Mike, it's going to take me a little longer.  Hope to have that data up for you tomorrow.  Might only be able to go back 10 years for regions and states.

Jeff


----------



## still learning (Apr 2, 2006)

Hello, Statistics is find but is a general figure over a wide area?  We all have neighborhoods that are worst than others?  Using this for your home area may not be accurate?

Being assulted by a gun or knife?   ....can happen anytime and anywhere? 

If it nevers ever happens to you....than you belief will differ from someone down the street who was attack by a person carrying a gun or knife?

The best way of knowning about your area you live in?  Make a friend with a police officer....who is willling to share everything that is happening.

My  two neighbors is a police officer, one just retired and moved.  He was my source of information of things that were happening on the streets of our neighborhood and nearby towns.  Most of the crimes and incidents where the police was called...is unknown to most of the public.

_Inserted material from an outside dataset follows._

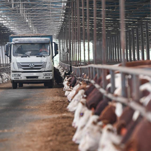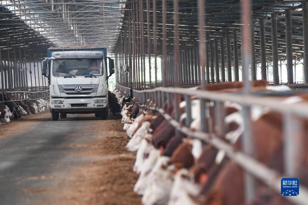 10月23日,在重慶市豐都縣高家鎮厚池壩村肉牛育肥場(chǎng),工作人員駕駛撒料車(chē)給肉牛投料。

True crime?  .....What you do not know...will make you  believe the place you live is safe?    until you find out......knowledge will make you wiser? ....not neccessary smarter? ........Aloha


----------



## SFC JeffJ (Apr 3, 2006)

Here is a breakdown by region and state compariing 2003 and 2004.
http://www.fbi.gov/ucr/cius_04/offenses_reported/offense_tabulations/table_04.html

Here's where you'll get access to the same for 1995.
http://www.fbi.gov/ucr/95cius.htm

1995 seems to be as far back as they post complete reports and tables.

Hope you find this interesting and informative.

Jeff


----------



## SFC JeffJ (Apr 3, 2006)

still learning said:
			
		

> Hello, Statistics is find but is a general figure over a wide area?  We all have neighborhoods that are worst than others?  Using this for your home area may not be accurate?
> 
> Being assulted by a gun or knife?   ....can happen anytime and anywhere?
> 
> ...



I agree.  But the statistics can be usefull tools in many aspects.  Just because the overall violent crime rate is down doesn't make us safe.  Violent crime still ocurrs.  Is what the statistics show us is how likely it is, what is more likely to occur, what weapons, if any, are used, and the like.  Of course if someone pulls a knife, gun, or other weapon on you, the statistics won't help.  But they might help in formulating a SD cirriculum.  In no way do I think that the statistics should replace common sense though, they, like the weapons the crimminals use, are just another tool.

Jeff


----------



## still learning (Apr 3, 2006)

Hello, That is why we train?  ...to prepare for the worst...expect nothing to happen!

Knowledge is good...too much can be bad..all off-duty police in Hawaii must carry there gun.  Most of the bad guys know who there are?with or without uniforms.  Things can happen anytime?

Prepareness  ...Awareness.....train, train, and train somemore!  Hopefully die of old age?


----------



## bushidomartialarts (Apr 5, 2006)

perpare for the worst while expecting the best.

"there's a bullet out there with your name on it right now.  the trick is to die of old age before it finds you."
 -- captain malcolm reynolds
     firefly


----------



## Hand Sword (Apr 6, 2006)

I think it's : expect (train for) the worst and hope for the best. Either way the quote has the right idea!


----------